急に、親しみが。わいて、きましたよ。おとうさん。
あの。メロドラマの、木だってね。
『花も、あらしも。ふみこえて。・・・・』ってね。
そういえば。おとうさん。
「うちなあ。むかし。民宿やってたこと、あったやろ。」
「お客さんが。碁が、したい。いうてな。」
「碁の、セットを。こうたんじゃ。」
「おやじが。買うたんが。この、碁盤じゃ。」
いうて。見せて、くれたこと。あったよねえ。おとうさん。
「それ。なんの木で、できとん。」いうたら。
「この、碁盤か。
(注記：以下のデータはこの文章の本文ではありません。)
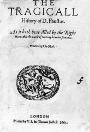 The Tragical History of Doctor Faustus, page de titre de l'édition originale de 1604 publiée à Londres par Thomas Bushell.
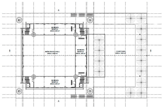 There is a women’s mahfil, consisting of three sections, in the building. Each section occupies an area of 260 m2 and they are connected to each other through circulation sections. It has a total area of 780 m2. The F floor is designed to surround the ground floor prayer hall, except for the mihrab facade.
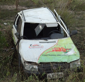 Um veículo da Fiat modelo Uno Mille da Prefeitura de Cansanção capotou na tarde desta sexta-feira (11), próximo à ‘Serra do Lajedo’, na BA-120, entre Santaluz e Queimadas. Cinco pessoas ficaram feridas, entre elas Renilta Moreira da Costa, de 55 anos, Evilane Ferreira Cavalcante, 44, Carla Karoline Cavalcante Alves, 19, e Suzana Ribeiro dos Santos, 27, além do motorista do veículo, identificado como Roniel Valdomiro Salvador, 36 anos. O veículo voltava de Feira de Santana.
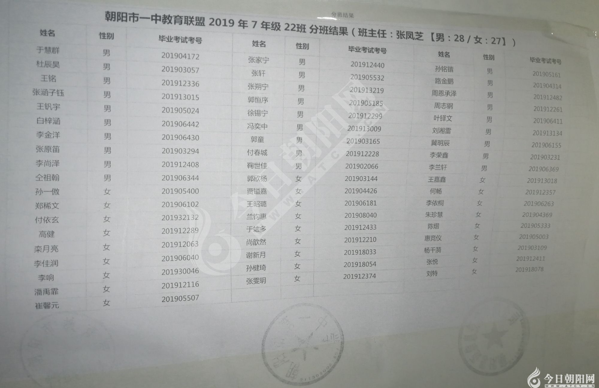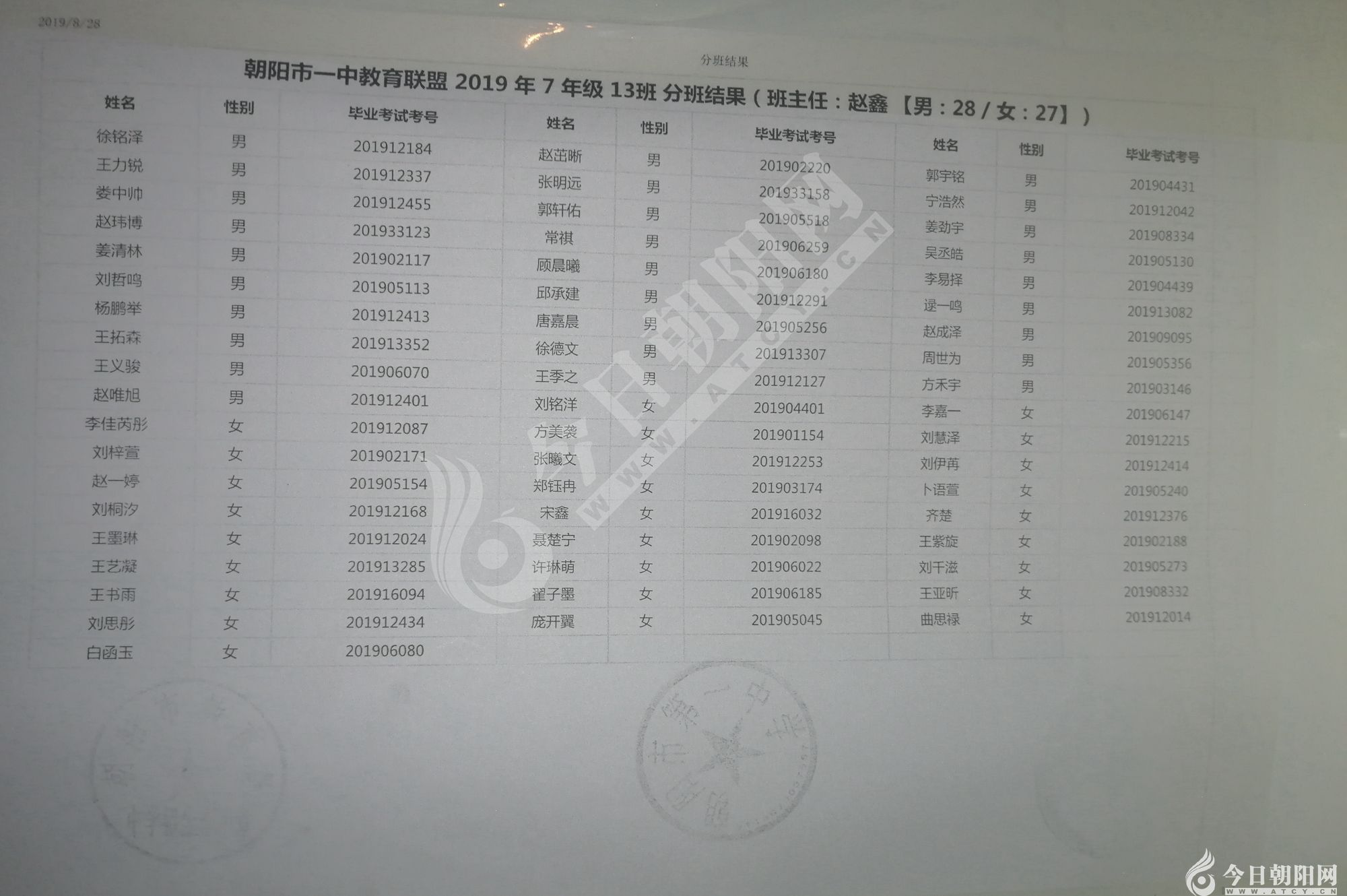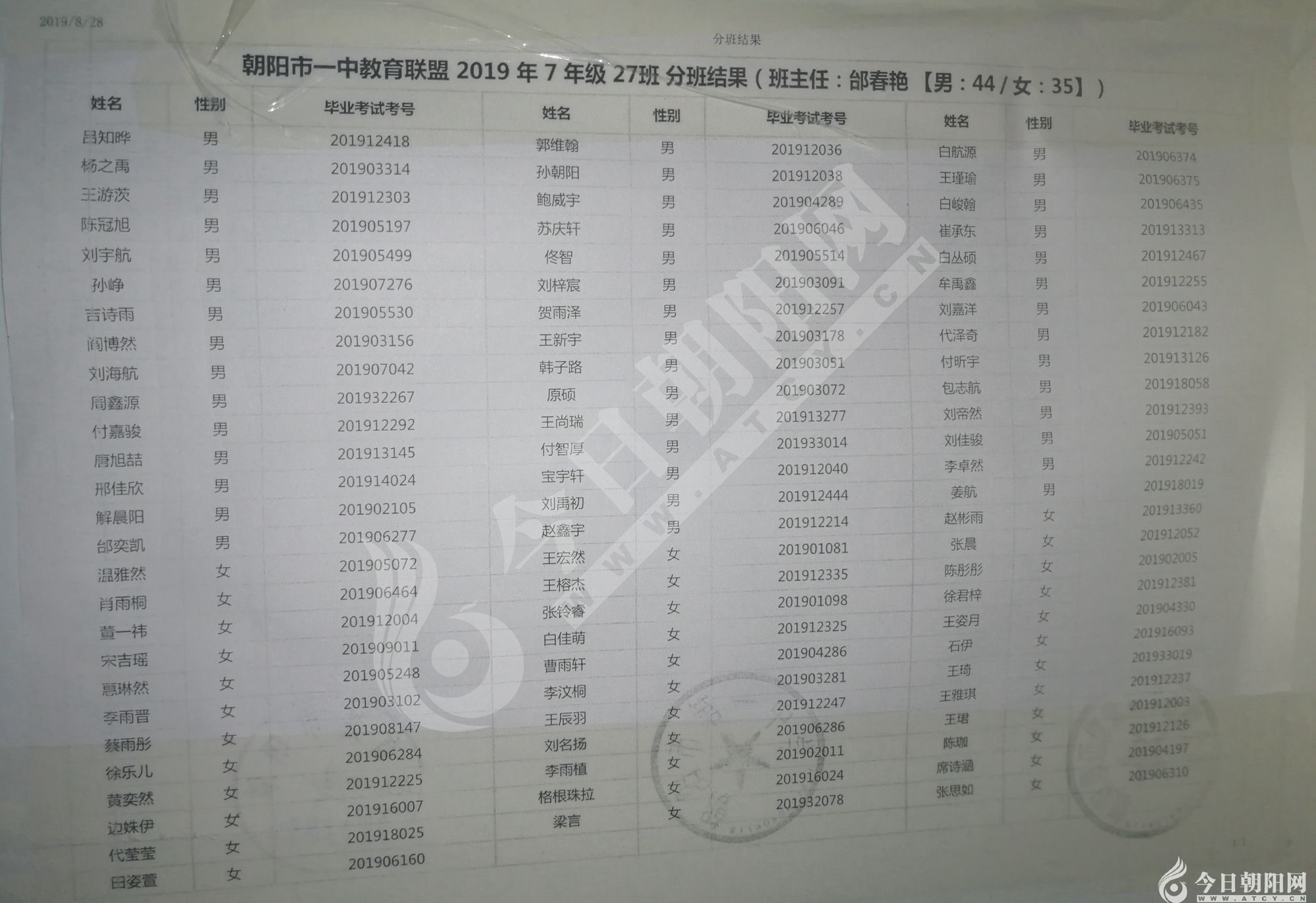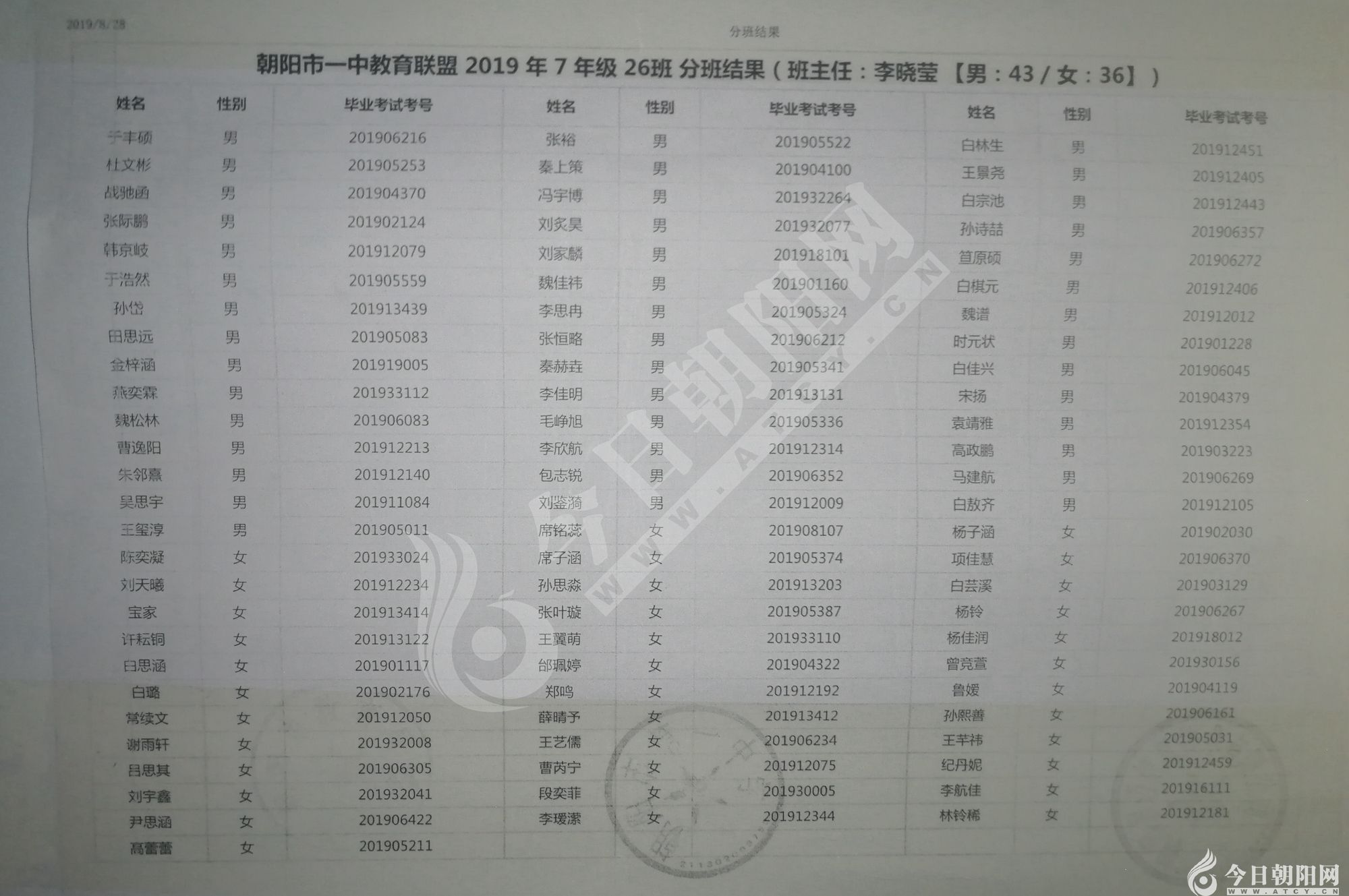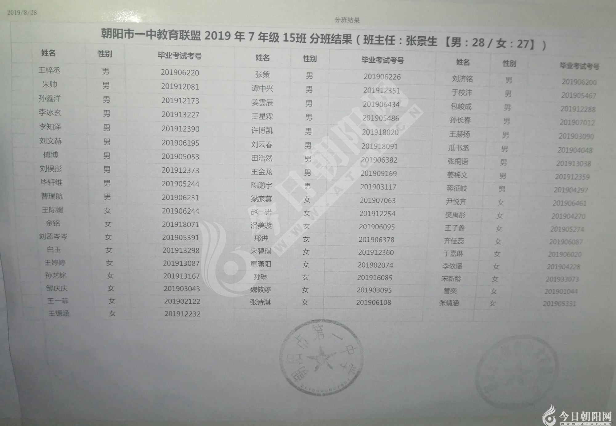 家長速看!朝陽市一中教育聯(lián)盟2019年新生分班表

これは。カツラの木で。できとんじゃ。」って。
たしか。いってたと。思うん、だけどね。おとうさん。
その時
「かつらの、葉っぱは、なあ。」
「粉にして。香の、材料にも。なるんじゃ。」いうて。
教えて、くれたよねえ。おとうさん。
今年は。あの、葉っぱ。拾ってきて。粉にしてね。
お香づくりに。挑戦して、みようかなあ。おとうさん。
ドラマの、ようには。いかないけれど。
せめて。カツラの。香りに、のって。
わたしの、思いが。
おとうさんの、所まで。届きます、ようにってね。
二人で。あの、道を。散歩した、日のことを。思い、出しながら。
お香を、たくのも、いいでしょう。
ねえ。おとうさん。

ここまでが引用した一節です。